Investigating Worker Errors
In our previous experiments, we have seen the following exceptions
13:25:14.684 [pool-4-thread-3] WARN io.camunda.client.job.worker - Worker benchmark failed to handle job with key 4503599628992806 of type benchmark-task, sending fail command to broker
java.lang.IllegalStateException: Queue full
at java.base/java.util.AbstractQueue.add(AbstractQueue.java:98) ~[?:?]
at java.base/java.util.concurrent.ArrayBlockingQueue.add(ArrayBlockingQueue.java:329) ~[?:?]
at io.camunda.zeebe.Worker.lambda$handleJob$1(Worker.java:122) ~[classes/:?]
at io.camunda.client.impl.worker.JobRunnableFactoryImpl.executeJob(JobRunnableFactoryImpl.java:45) ~[camunda-client-java-8.8.0-SNAPSHOT.jar:8.8.0-SNAPSHOT]
at io.camunda.client.impl.worker.JobRunnableFactoryImpl.lambda$create$0(JobRunnableFactoryImpl.java:40) ~[camunda-client-java-8.8.0-SNAPSHOT.jar:8.8.0-SNAPSHOT]

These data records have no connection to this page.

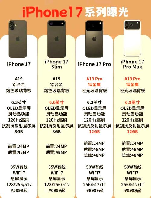 苹果17系列包含基础版和Pro系列,具体配置参数如下:基础版(iPhone 17)屏幕为3英寸OLED屏,支持120Hz高刷新率,色彩表现出色。性能上搭载A18芯片(3nm工艺),配备8GB内存,支持Wi-Fi 7和5G eSIM,多任务处理流畅。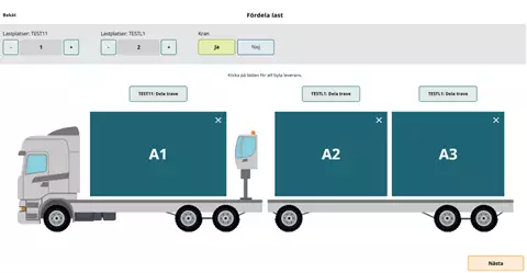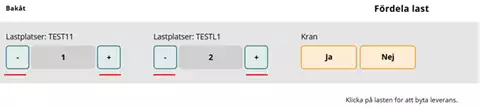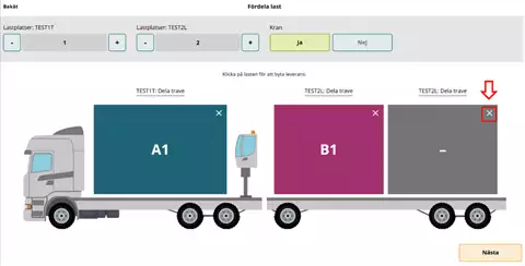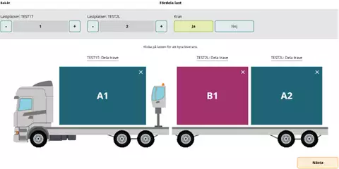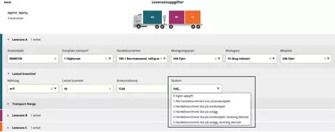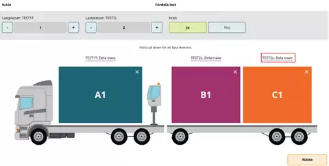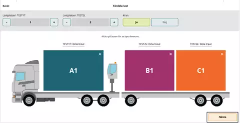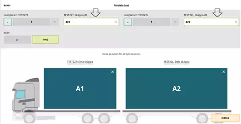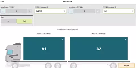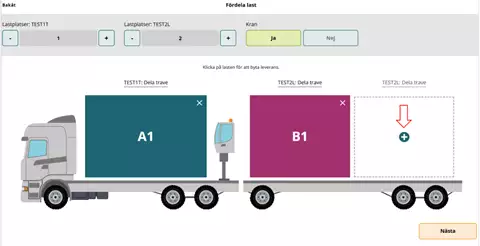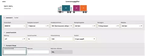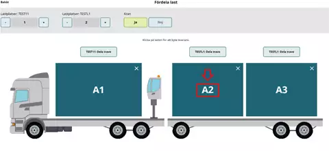 Suosituksemme on, että merkitsette kohdan täydestä lastista "Nej" (Ei) ja että tämä merkitään kuljetusasiakirjaan erikseen, kun ajoneuvoyhdistelmä lastataan toimituksilla eri mittauspisteisiin.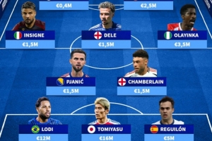 中場(chǎng):皮亞尼奇(150萬(wàn)歐)、張伯倫(150萬(wàn)歐)、因西涅(150萬(wàn)歐)、阿里(150萬(wàn)歐)、奧拉因卡(350萬(wàn)歐)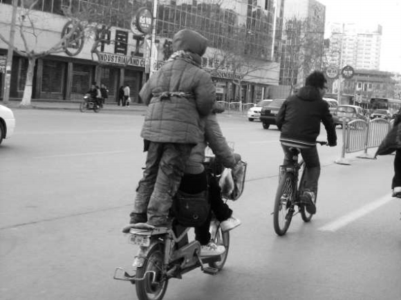 15日下午17时左右,在柳园南路,一位市民翘着二郎腿骑电动车,孩子站在车后座上。如此险象环生的“车技”,让大家为他们捏了一把汗。 本报见习记者 赵寰 摄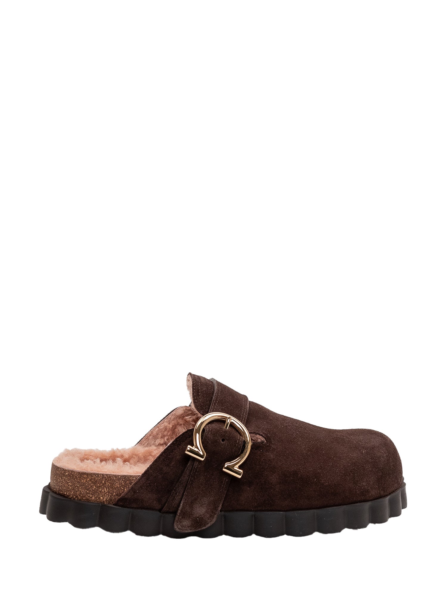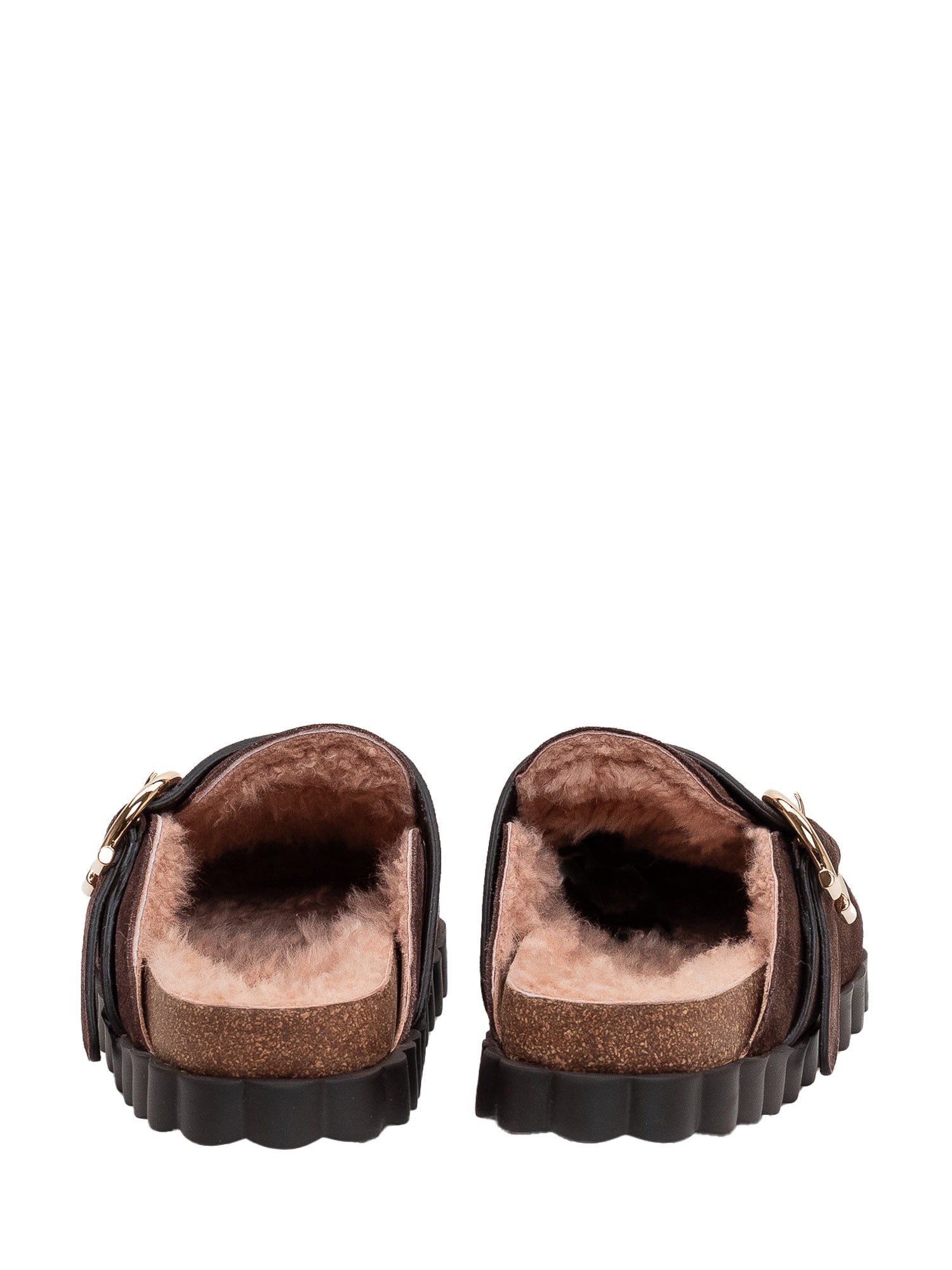 Sabot in pelle scamosciata con interno morbido effetto shearling e dettaglio fibbia iconica. Suola robusta e silhouette avvolgente.Taglia di riferimento: US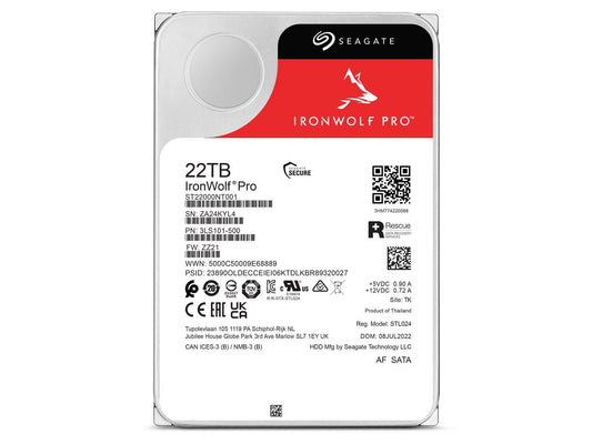 Seagate IronWolf Pro 22TB Enterprise NAS Internal HDD – CMR 3.5in SATA 6Gb/s 7200 RPM (ST22000NT001)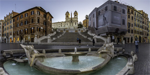 The Spanish Steps are a set of steps in Rome, Italy, climbing a steep slope between the Piazza di Spagna at the base and Piazza Trinità dei Monti, dominated by the Trinità dei Monti church at the top. The monumental stairway of 135 steps was built in 1723–1725, linking the Trinità dei Monti church that was under the patronage of the Bourbon kings of France – located above – and the Bourbon Spanish Embassy to the Holy See – located below – in Palazzo Monaldeschi. In the Piazza di Spagna at the base is the Early Baroque fountain called Fontana della Barcaccia ("Fountain of the longboat" or "Barcaccia Fountain"), built in 1627–29.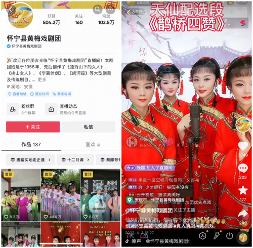 @怀宁县黄梅戏剧团 今年1月在抖音开启了直播。最初,他们只是希望用新的传播方式让剧团“活起来”,没想到半年后,剧团就在抖音收获了上百万粉丝,累计获赞超500万。现在,剧团每晚的直播都有十余万网友在线观看、点赞,送去礼物表达支持。直播打赏让剧团获得了政府拨款和线下演出之外的第三份收入,也坚定了演员们弘扬传统文化的信心。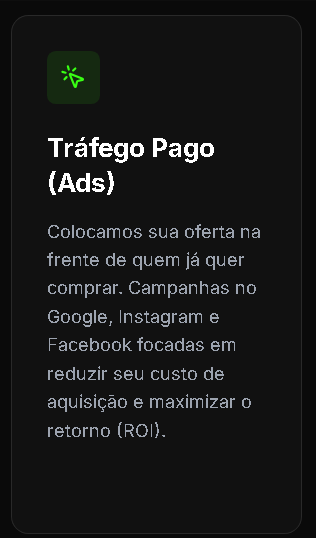 Somos especialistas em transformar investimento em faturamento. Se você busca um parceiro estratégico, e não apenas um "executor de posts", você está no lugar certo.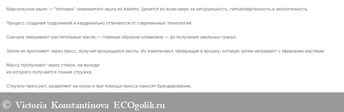 ХАРАКТЕРИСТИКА марсельского мыла: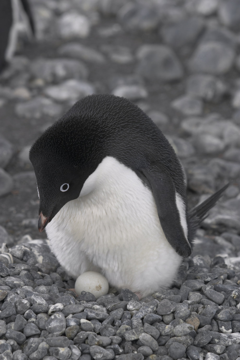 Adelie penguin incubating an egg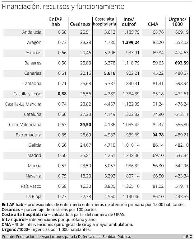 De acuerdo al informe, la puntuación máxima que podría haber alcanzado una región sería 114 y la mínima, 28. Navarra y País Vasco, las dos mejores, llegan a los 90 puntos. Tras ellas se encuentran Aragón (82) y Asturias (79), que también están en una situación aceptable. Con servicios sanitarios regulares aparecen Castilla y León (78), Castilla-La Mancha (77), Extremadura (77) y Galicia (76); con servicios deficientes, La Rioja (69), Cantabria (65), Madrid (65), Baleares (63) y Murcia (61); y finalmente, los peores servicios sanitarios del país corresponden a Andalucía (60), Cataluña (60), la Comunidad Valenciana (59) y Canarias (49).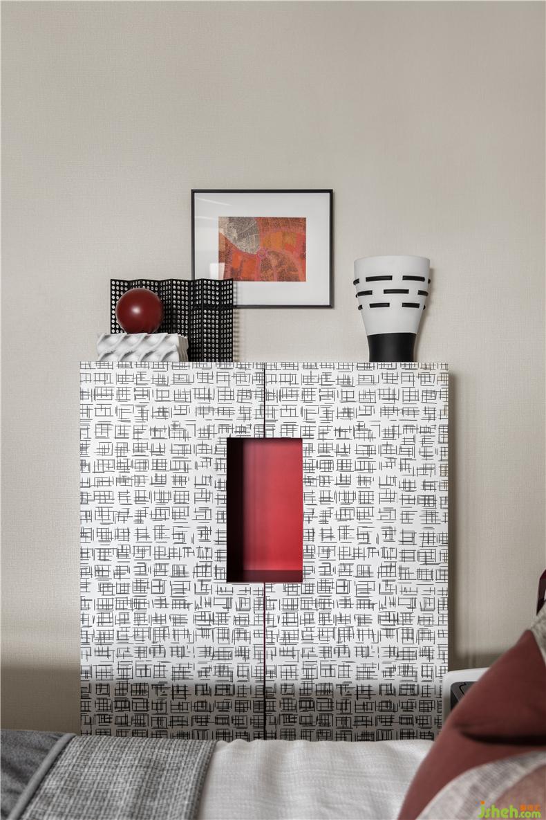 次臥斗柜如一幅抽象畫,又如一件藝術(shù)品,兼具收納又將生活美學(xué)表現(xiàn)得淋漓盡致。樣板房設(shè)計(jì)次臥背景墻面立體幾何紅白裝置物,與斗柜、織品遙相呼應(yīng),穿梭在時(shí)間與空間的隧道中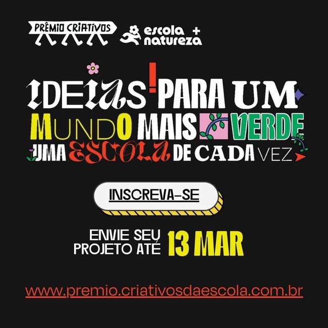 O Instituto Alana prorrogou as inscrições para o Prêmio Criativos Escola + Natureza até o dia 13 de março de 2025. A premiação, promovida pelo programa Criativos da Escola, busca reconhecer projetos desenvolvidos por adolescentes com idades entre 13 e 17 anos que, com o auxílio de educadores e/ou familiares, criam soluções práticas para promover a natureza dentro e fora das escolas. Com a prorrogação, os interessados têm mais tempo para submeter suas iniciativas que já estão sendo realizadas e concorrer a R$ 12 mil.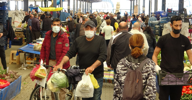 Çanakkale’nin, Türkiye genelinde yayınlanan korona virüs risk haritasında birinci sıraya çıkmasının ardından yeni kararlar alınmasına rağmen halk pazarında maske ve sosyal mesafe kuralı hiçe sayıldı. Sağlık Bakanı Fahrettin Koca tarafından yayınlanan ‘İllere Göre Haftalık Vaka Sayısı’ tablosunda 100 bin kişide görülen vaka sayısının bir haftada 797,34’ten 962,928’e yükselen Çanakkale, bu artış hızıyla Türkiye birinciliğine yükseldi. Çanakkale'de vaka sayıları, 8 Şubat'tan 16 Nisan’a kadar geçen süreçte vaka sayıları 26 kat arttı. Korkutan artışlar sonrası Çanakkale Valisi İlhami Aktaş öncülüğünde toplanan İl Umumi Hıfzıssıhha Kurulu, yeni ek tedbir kararları aldı. İçişleri Bakanlığı tarafından dün akşam saatlerinde gönderilen 23 Nisan Sokağa Çıkma Kısıtlaması konulu genelgede, 23 Nisan Ulusal Egemenlik ve Çocuk Bayramı'nın resmi tatil olması dolayısıyla sokağa çıkma kısıtlaması, bugün saat 19.00 itibarıyla başlayacak ve Pazartesi günü saat 05.00’te sonra erecek. Normalde yarın kurulması gereken halk pazarı 3 günlük sokağa çıkma kısıtlamasının ardından bugün kuruldu. Haberi duyan vatandaşlar soluğu halk pazarında alındı. Maske, mesafe ve hijyen kurallarının hiçe sayıldığı pazardaki görüntüyü görenler tedirginliklerini gizleyemedi.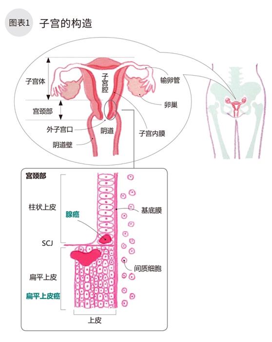 子宫整体呈中空梨型,分为附着胎盘的类圆形上半部分,和连接阴道的细长形下半部分(图表1)。宫颈癌发生在子宫口到宫颈部位。主要分两种,发生在宫颈部表面扁平上皮细胞的扁平上皮癌,和发生在柱状上皮细胞的腺癌。约80%为扁平上皮癌(图表2)。

at io.camunda.client.impl.worker.BlockingExecutor.lambda$execute$0(BlockingExecutor.java:50) ~[camunda-client-java-8.8.0-SNAPSHOT.jar:8.8.0-SNAPSHOT]
at java.base/java.util.concurrent.Executors$RunnableAdapter.call(Executors.java:572) ~[?:?]
at java.base/java.util.concurrent.FutureTask.run(FutureTask.java:317) ~[?:?]
at java.base/java.util.concurrent.ScheduledThreadPoolExecutor$ScheduledFutureTask.run(ScheduledThreadPoolExecutor.java:304) ~[?:?]
at java.base/java.util.concurrent.ThreadPoolExecutor.runWorker(ThreadPoolExecutor.java:1144) ~[?:?
This is actually coming from the Worker (benchmark) application, as it is collecting all the request futures in a blocking queue.
As the performance is lower of handling requests, we collect more futures in the worker, causing to fill the queue. This in the end causes also to fail more jobs - causing even more work.
This allows explains why our workers have a higher memory consumption - we had to increase the worker memory to have a stable worker.
Profiling the System
With the previous results, we were encouraged to do some profiling. For the start we used JFR for some basic profiling.
You can do this by:
kubectl exec -it "$1" -- jcmd 1 JFR.start duration=100s filename=/usr/local/camunda/data/flight-$(date +%d%m%y-%H%M).jfr
If the flight recording is done, you can copy the recording (via kubectl cp
) and open it with Intellij (JMC didn't work for me)
We see that the Spring filter chaining is dominating the profile, which is not unexpected as every request has gone through this chain. As this is a CPU based sampling profile, it is likely to be part of the profile. Still, it was something interesting to note and investigate.
Path pattern matching
Some research showed that it might be interesting to look into other path pattern matchers, as we use the (legacy) ant path matcher with regex.
Resources:
- PathPattern - https://spring.io/blog/2020/06/30/url-matching-with-pathpattern-in-spring-mvc#pathpattern
- Results of using PathPattern and related discussion on GH
Gateway - Broker request latency
As we have such a high request-response latency, we have to find out where the time is spent. Ideally, we would have some sort of tracing (which we didn't have yet), or we would look at metrics that cover sub-parts of the system and the request-response cycle.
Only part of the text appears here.